E. Yet Another Division Into Teams（Codeforces Round #598 (Div. 3)）（划分数-贪心-模拟）

E. Yet Another Division Into Teams（Codeforces Round #598 (Div. 3)）（划分数-贪心-模拟）

time limit per test：2 seconds
memory limit per test：256 megabytes
input：standard input
output：standard output

Description

There are $n$ students at your university. The programming skill of the $i$-th student is $a_i$. As a coach, you want to divide them into teams to prepare them for the upcoming ICPC finals.

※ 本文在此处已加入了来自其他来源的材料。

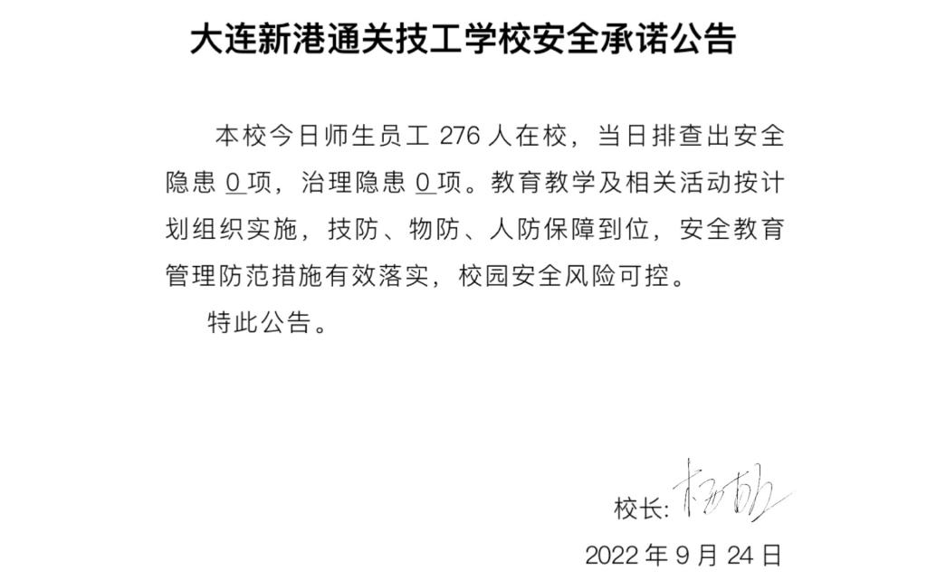 大连新港通关技工学校安全通告(9月24日)

Just imagine how good this university is if it has $2⋅10^5$ students ready for the finals!

Each team should consist of at least three students. Each student should belong to exactly one team. The diversity of a team is the difference between the maximum programming skill of some student that belongs to this team and the minimum programming skill of some student that belongs to this team (in other words, if the team consists of k students with programming skills $a[i1],a[i2],…,a[ik]$, then the diversity of this team is $max_{j=1}^{k}a[i_j]−min_{j=1}^{k}a[i_j])$.

The total diversity is the sum of diversities of all teams formed.

Your task is to minimize the total diversity of the division of students and find the optimal way to divide the students.

Input

The first line of the input contains one integer $n (3≤n≤2⋅105)$ — the number of students.

The second line of the input contains $n$ integers $a_1,a_2,…,a_n (1≤a_i≤10^9)$, where $a_i$ is the programming skill of the $i$-th student.

Output

In the first line print two integers $res$ and $k$ — the minimum total diversity of the division of students and the number of teams in your division, correspondingly.

In the second line print $n$ integers $t_1,t_2,…,t_n (1≤t_i≤k)$, where $t_i$ is the number of team to which the $i$-th student belong.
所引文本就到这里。